[postgis-users] Topology: cannot delete slivers (or gaps)

Sandro Santilli strk at keybit.net
Wed Nov 5 09:03:41 PST 2014


On Wed, Nov 05, 2014 at 08:32:01AM -0800, Guillaume Drolet wrote:
> Sandro Santilli wrote:
>>
>> Except face 0, which is the "universe" face, all the others
>> should be "gaps" in your topology. You can zoom to the face's
>> bounding box ("mbr" field) to take a closer look (do you have qgis
>> set up by now?).
> 
> Ok. I had already looked at some of them but as face-derived geometries
> (using ST_GetFaceGeometry) and not as real faces.

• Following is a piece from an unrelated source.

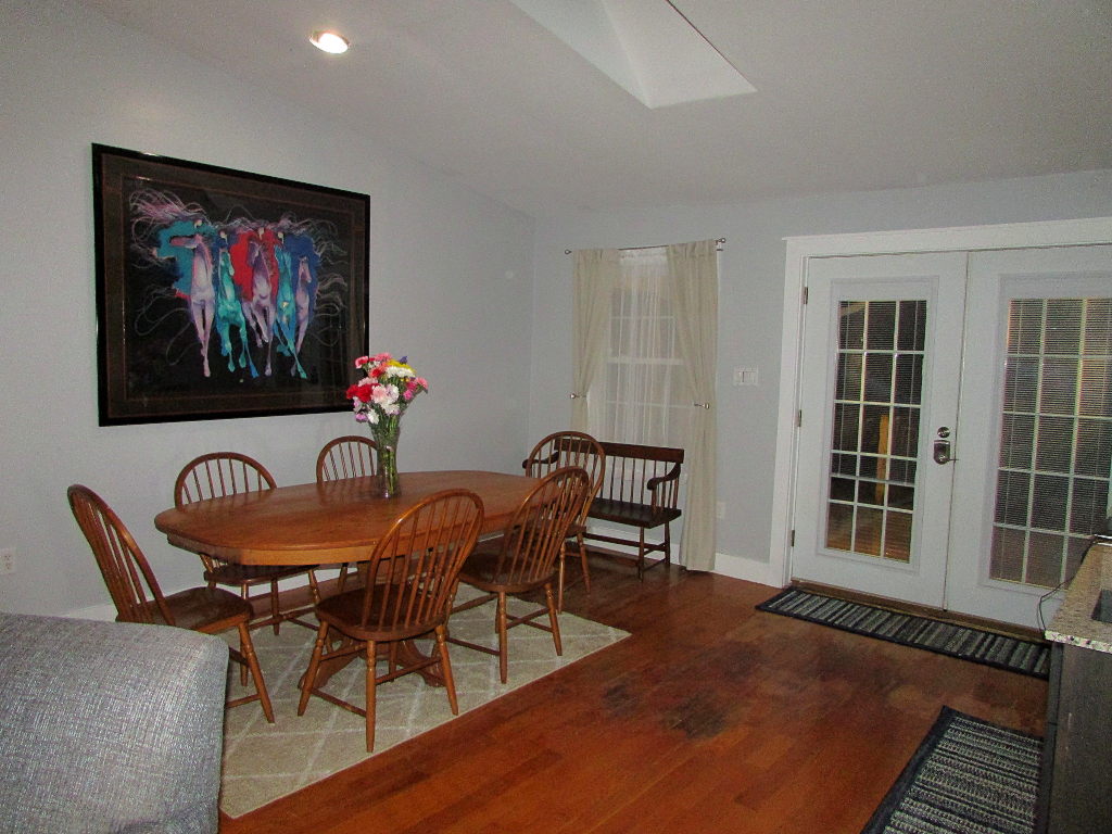 A felújított és felújított 1880-as parasztházam szárnyának saját elülső és hátsó bejárata van, amely a fő folyosóra/szalonba vezet. Nappali tévével, rejtvényekkel, játékokkal, kártyákkal, magazinokkal stb. A szomszédos konyha és étkező számos kényelmi szolgáltatást kínál, például hűtőszekrényt, tűzhelyet, mikrohullámú sütőt és kávéfőzőt. A lépcső alatt van egy félfürdőszoba. A nagy lépcsőházban két nagy queen szoba található teljes fürdőszobával, valamint egy további queen hálószoba fürdőszobával. Ízléses, kényelmes, figyelmes.

I don't understand the distinction you're making.
A face-derived geometry IS the face's geometry ...

> As geometries, to me
> they look like polygons and I didn't realize they were in fact holes.
>
> See
> this example in QGIS for face_id 2418 turned into a polygon:
> https://dl.dropboxusercontent.com/u/5196336/geomFromFace_id_2418.bmp. Now,
> look at its mbr representation:
> https://dl.dropboxusercontent.com/u/5196336/mbrFace_id_2418.bmp. How do
> you tell it's a hole and not just a regular face?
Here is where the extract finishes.